Source records

BEGIN

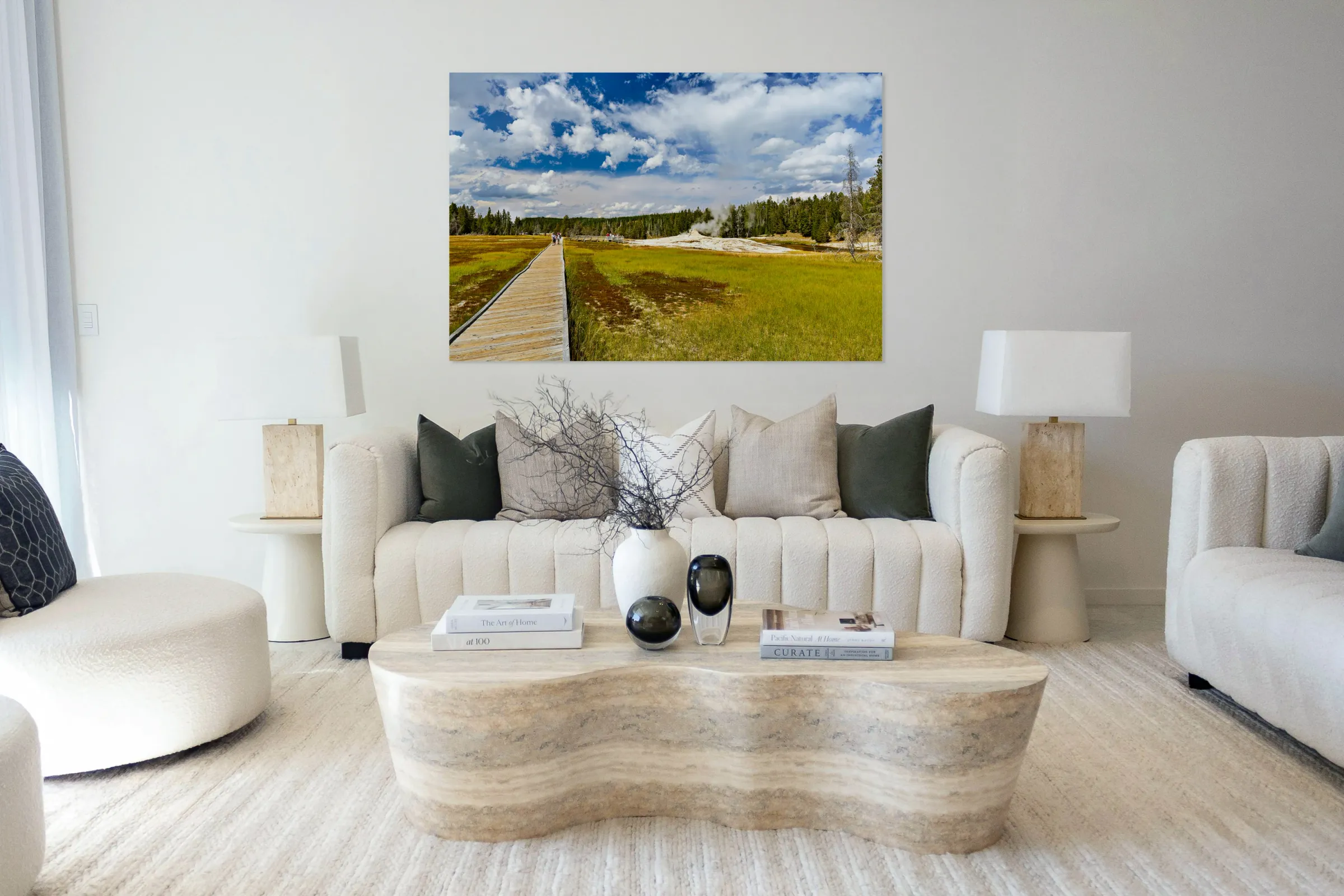 ABOUT THIS ARTWORK: VISITORS STROLL THE UPPER GEYSER BASIN BOARDWALK
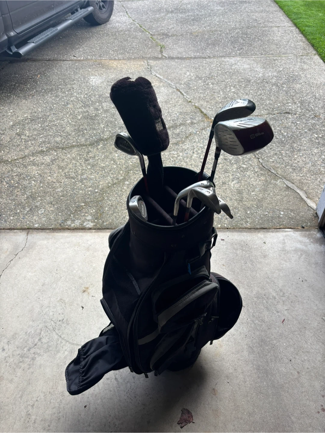 10Selling a set of golf clubs, including a Wilson driver. The set comes with a black golf bag for easy transport and storage. Perfect for anyone looking to get into golf or upgrade their current equipment!
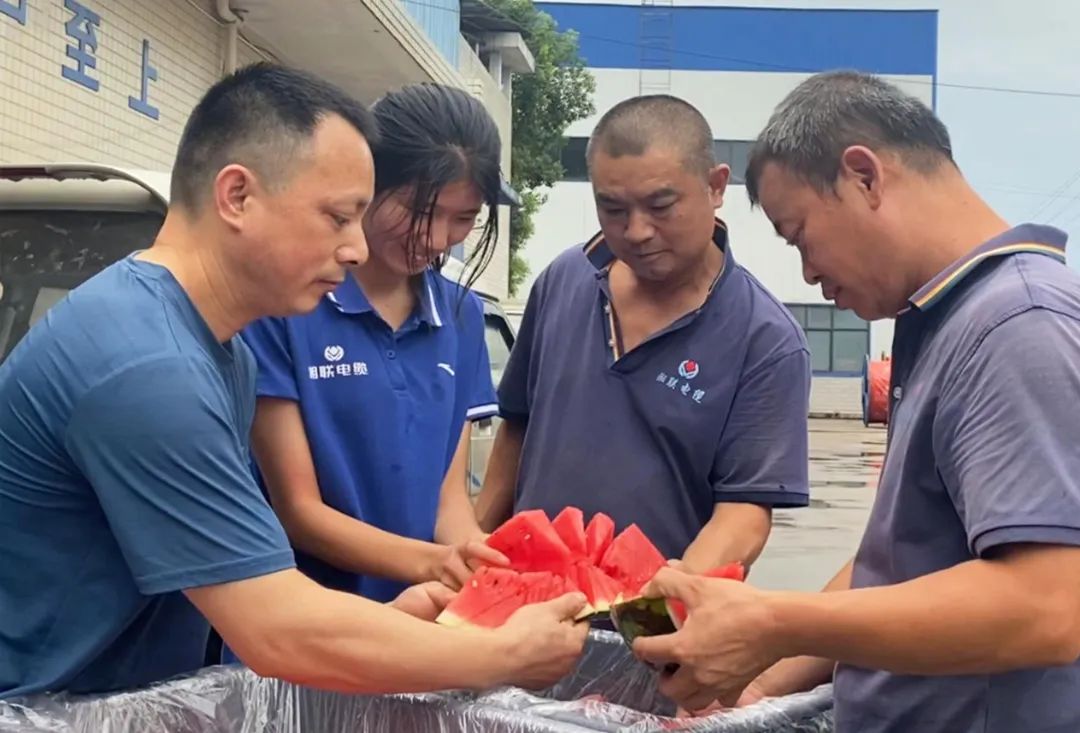 面對高溫天氣,湘聯(lián)電纜領導高度重視員工生命安全,并采取多項措施幫助員工應對高溫生產(chǎn)工作,如配備防暑降溫的藿香正氣水、涼茶等物品,同時堅持開展夏日送西瓜的員工福利活動,預防高溫中暑。
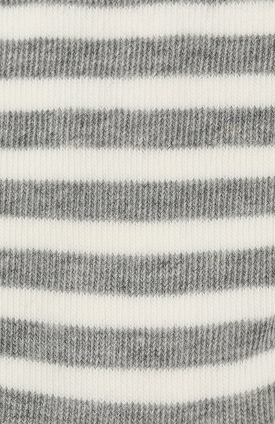 Меланжевые колготки выполнили из эластичного хлопкового трикотажа с добавлением полиамида. Модель с широким поясом украсили фуляровыми узорами.
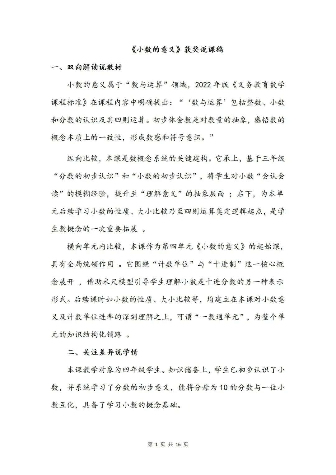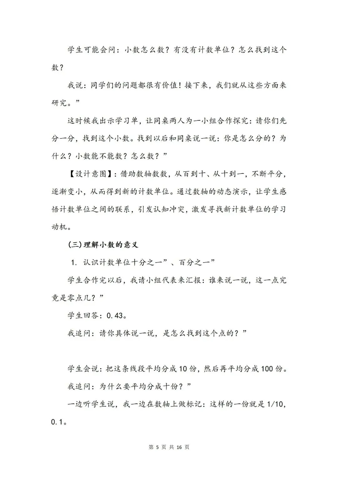 >数学《小数的意义》一等奖说课(说课稿+ppt+教案)
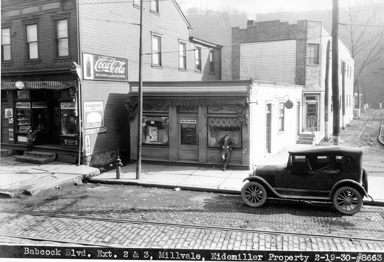 This is also from Historic Pittsburgh. Description is Babcock Blvd., February 19, 2013. Check out right-side of photo. I think that is the Millvale Loop. I'm thinking the trackage in the street was the planning of an extension to Evergreen.
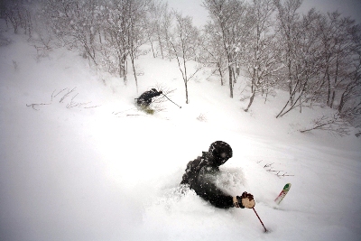 まっ、私の方は無理やり粉を巻き上げるべく、深い、ふかーいターンをしてますが・・・
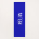 Blue background with white text. Yoga Calming Zone quote. Typography including body, mind, soul, breathe. Personalise Name in white text. Artwork of white double five poiint star inside deeper blue, black, white geometric pattern in centre. Relax is written across the backside. Original Quote Artwork Design © 2020 TamiraZDesigns.
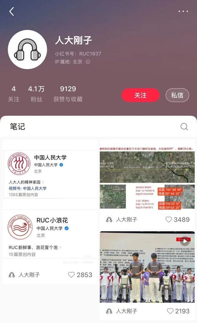 人大刚子起号3天吸粉4万 书记接地气互动获赞声 9月7日上午,认证为中国人民大学官方账号的“RUC小浪花”发文确认,“人大刚子”是该校党委书记张东刚的个人小红书账号。该账号在9月6日开始连续发布了两条与人大相关的帖文,截至9月8日上午10时,粉丝量已达4万 09-08

END

What you should do: Copy each line of the records above exactly as written. Do not carry over any picture.

Task result:
 ABOUT THIS ARTWORK: VISITORS STROLL THE UPPER GEYSER BASIN BOARDWALK
 10Selling a set of golf clubs, including a Wilson driver. The set comes with a black golf bag for easy transport and storage. Perfect for anyone looking to get into golf or upgrade their current equipment!
 面對高溫天氣,湘聯(lián)電纜領導高度重視員工生命安全,并采取多項措施幫助員工應對高溫生產(chǎn)工作,如配備防暑降溫的藿香正氣水、涼茶等物品,同時堅持開展夏日送西瓜的員工福利活動,預防高溫中暑。
 Меланжевые колготки выполнили из эластичного хлопкового трикотажа с добавлением полиамида. Модель с широким поясом украсили фуляровыми узорами.
 >数学《小数的意义》一等奖说课(说课稿+ppt+教案)
 This is also from Historic Pittsburgh. Description is Babcock Blvd., February 19, 2013. Check out right-side of photo. I think that is the Millvale Loop. I'm thinking the trackage in the street was the planning of an extension to Evergreen.
 まっ、私の方は無理やり粉を巻き上げるべく、深い、ふかーいターンをしてますが・・・
 Blue background with white text. Yoga Calming Zone quote. Typography including body, mind, soul, breathe. Personalise Name in white text. Artwork of white double five poiint star inside deeper blue, black, white geometric pattern in centre. Relax is written across the backside. Original Quote Artwork Design © 2020 TamiraZDesigns.
 人大刚子起号3天吸粉4万 书记接地气互动获赞声 9月7日上午,认证为中国人民大学官方账号的“RUC小浪花”发文确认,“人大刚子”是该校党委书记张东刚的个人小红书账号。该账号在9月6日开始连续发布了两条与人大相关的帖文,截至9月8日上午10时,粉丝量已达4万 09-08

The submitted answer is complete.